# REQUIRED WORK
For this task, copy all of the data below exactly and skip the pictures.

# DATA SEGMENT
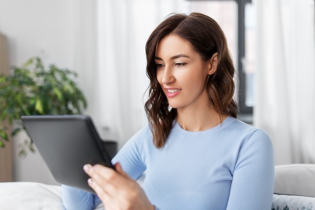 人、科技和休闲概念——家里有平板电脑的快乐少妇。家里有平板电脑的快乐微笑少妇
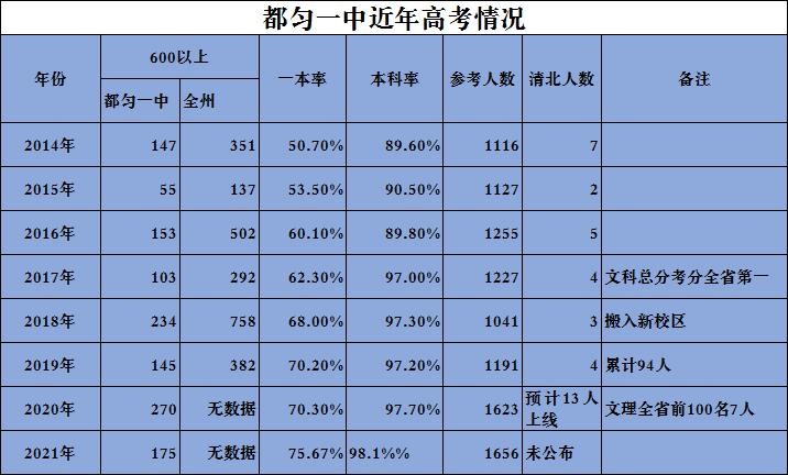 从表中可以看出,都匀一中600分及以上高分段人数占全州的比率在30%以上,一本上线率在参考人数大幅增加的同时保持稳步上升,本科率接近100%,是非常不错的一所学校哦。
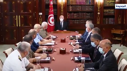 وأعلن سعيّد، عقب اجتماع طارئ عقده في قصر قرطاج مع مسؤولين أمنيين، أنه سيتولى بنفسه السلطة التنفيذية ”بمساعدة حكومة يرأسها رئيس الحكومة ويعينه رئيس الجمهورية“.
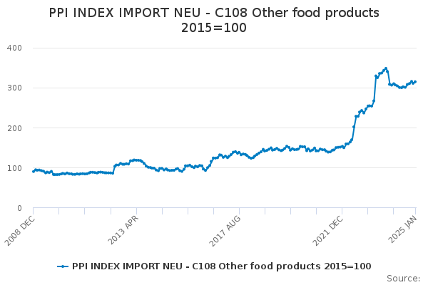 Download this time seriesPPI INDEX IMPORT NEU - C108 Other food products 2015=100

# RESPONSE
 人、科技和休闲概念——家里有平板电脑的快乐少妇。家里有平板电脑的快乐微笑少妇
 从表中可以看出,都匀一中600分及以上高分段人数占全州的比率在30%以上,一本上线率在参考人数大幅增加的同时保持稳步上升,本科率接近100%,是非常不错的一所学校哦。
 وأعلن سعيّد، عقب اجتماع طارئ عقده في قصر قرطاج مع مسؤولين أمنيين، أنه سيتولى بنفسه السلطة التنفيذية ”بمساعدة حكومة يرأسها رئيس الحكومة ويعينه رئيس الجمهورية“.
 Download this time seriesPPI INDEX IMPORT NEU - C108 Other food products 2015=100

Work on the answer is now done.